An obvious advantage of interest in our ancestors is that it ought to make history a more vital thing to us; for to them, history was merely current events in which they took part, or which, at least, they watched. This linking up of our personal ancestral lines with past events is done too seldom. Societies like the New England Society are doing it, and it is for this reason that I have chosen to bring the subject briefly before you.
It has been noted that our historical notions of the Civil War are now, and are going to be in the future, more just and less partisan than those of the Revolution. This is not because we are nearer the Civil War; for nearness often tends to confuse historical ideas rather than to clear them up. It is because the descendants of those who fought on both sides are here with us, citizens of our common country, intermarrying and coming into contact in a thousand ways.

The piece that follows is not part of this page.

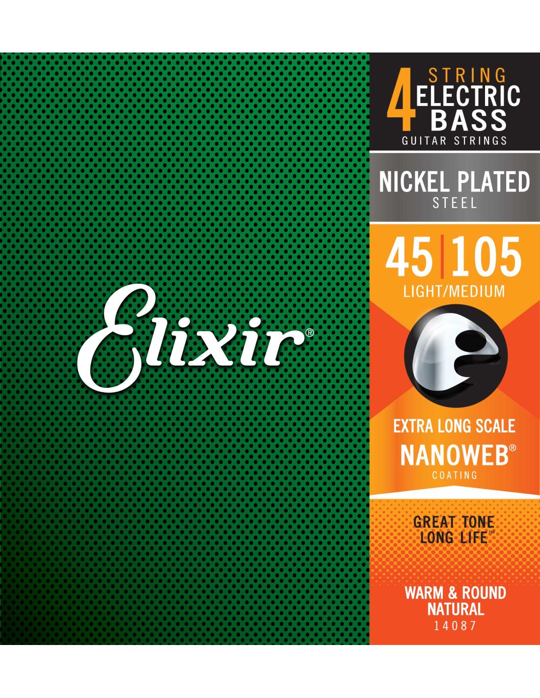 Corde per basso elettrico con avvolgimento a sezione rotonda in acciaio nickelato. Utilizzate per un suono pieno e rotondo, con incredibile pulizia e presenza mid-range. Rivestimento NANOWEB™, appositamente studiato per il basso, offre un feeling naturale e morbido, oltre ad incrementare il grip. La nostra tecnologia di rivestimento protegge dalla corrosione e dall'accumulo di sporcizia, prolungando la qualità sonora più di ogni altra corda, coated o uncoated, sul mercato. (Elixir Strings player survey). Il rivestimento riduce anche lo scricchiolio delle corde. Extra Scala Lunga, Scalatura Light/Medium: .045 .065 .085 .105

We are not likely to ignore the Southern standpoint regarding the rights of secession and the events of the struggle so long as the sons and daughters of Confederate soldiers live among us. Nor shall we ever forget the Northern point of view while the descendants of those who fought with Grant and Sherman are our friends and neighbors.
It is otherwise with the Revolution. We are the descendants only of those who fought on one side. Of the others, part went back to their homes in England, the rest, our old neighbors and friends, we despoiled of their lands and drove across our northern border with execrations, to make new homes in a new land and view us with a hatred that has not yet passed away. If you doubt it, discuss the American Revolution for fifteen minutes with one of the United Empire Loyalists of Toronto. It will surprise you to know that your patriot ancestors were thieves, blacklegs and scoundrels. I do not believe that they were; but possibly they were not the impossible archangels of the school histories.

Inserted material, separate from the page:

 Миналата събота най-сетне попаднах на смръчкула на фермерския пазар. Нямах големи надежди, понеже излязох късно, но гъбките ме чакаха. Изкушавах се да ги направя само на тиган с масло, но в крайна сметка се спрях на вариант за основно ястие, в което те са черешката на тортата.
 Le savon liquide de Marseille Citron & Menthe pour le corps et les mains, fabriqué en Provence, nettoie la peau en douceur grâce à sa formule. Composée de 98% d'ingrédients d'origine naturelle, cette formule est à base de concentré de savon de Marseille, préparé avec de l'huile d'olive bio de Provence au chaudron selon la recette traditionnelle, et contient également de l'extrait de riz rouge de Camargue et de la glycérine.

Of one thing I am sure; that if the descendants of those who fought against us in ’76 had been left to mingle with our own people, the historical recollections of the struggle would have been surer and truer on both sides than they are today. Here is a case where ancestry has perverted history, but simply because there has been an unnatural segregation of descendants. Let me note another where we have absolutely forgotten our ancestral predilections and have gone over to the other side, simply because the other side made the records. When we read a Roman account of encounters between the legions and the northern tribes, where do we place ourselves in imagination, as readers? Always with the Roman legions. But our place is not there; it is with our hardy and brave forefathers, fighting to defend their country and their firesides against the southern intruders. How many teachers of history try to utilize race-consciousness in their pupils to make them attain a clearer knowledge of what it all meant? Should we not be proud that we are of the blood of men who withstood the self-styled rulers of the world and won their freedom and their right to shape their own personal and civic development?